Wednesday, April 09, 2025

April 9, 2025 It is just going on 8 p.m. and I’m falling asleep at my desk. It has been rough get sleep this week not sure why. Looking forward to spring break! My brothers would imitate a friend of theirs from boarding school, his nickname was Bump, that would say this or perhaps sing this little ditty that they would act out for us. It always made me laugh and I wonder what it is from?
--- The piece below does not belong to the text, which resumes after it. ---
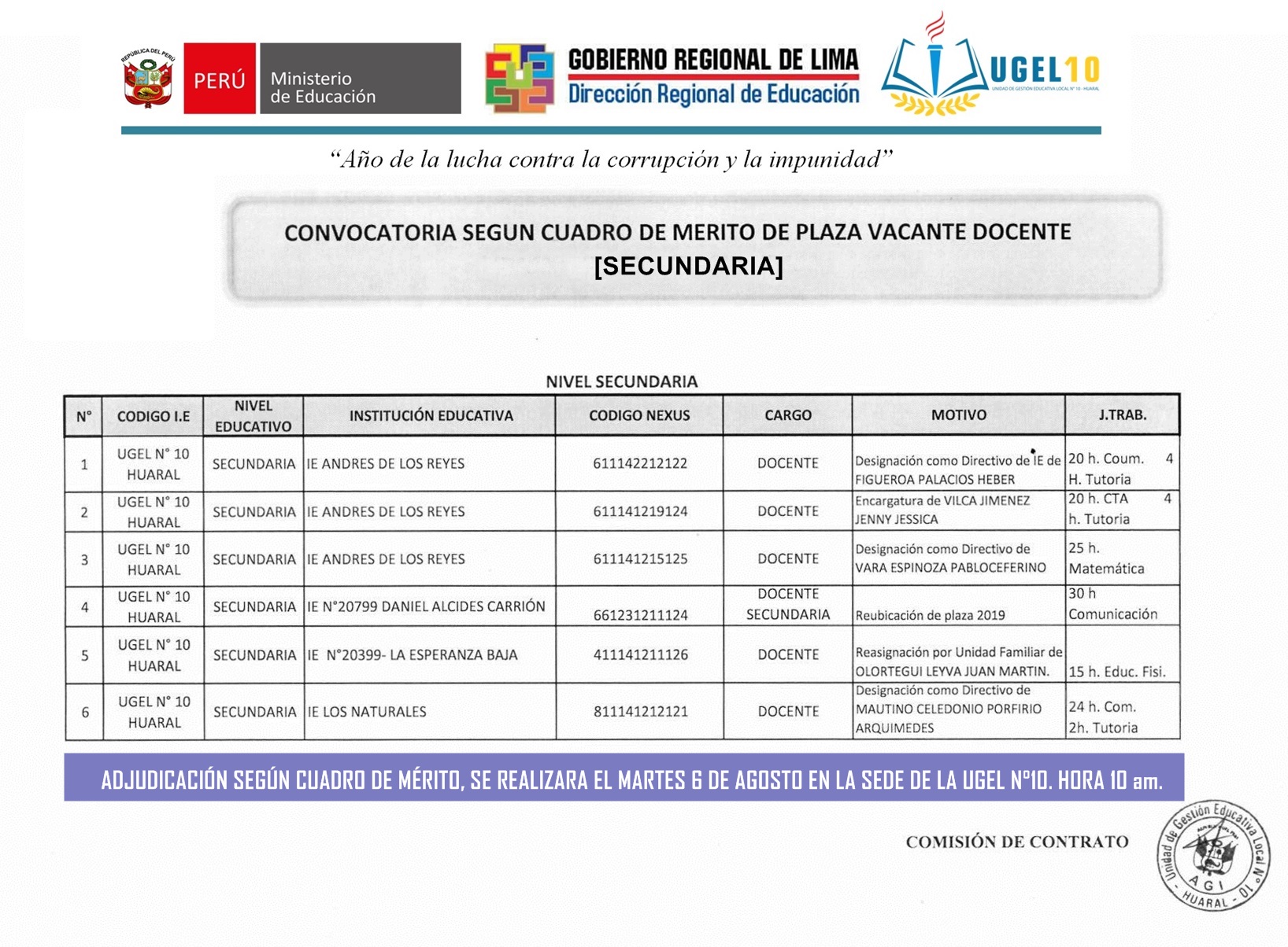 02 Ago,2019 Convocatorias COMMENTS Convocatoria Según Cuadro de Mérito de Plaza Vacante Docente [Secundaria]

I haven’t found anyone else that knows it, but it goes, “I’m sleepy, sleepy, sleepy and I wanna go to bed! I have taters in my pockets and taters on my head!” Then my brothers would giggle and do this odd kinda dance and keep singing it until we laughed. Sleepy and missing my brother’s laughter and stories of Bump.

Taters in My Pockets and I Want to Go to Bed

Why is sleep so elusive, seductive, and comforting

To contemplate when far away from my bed?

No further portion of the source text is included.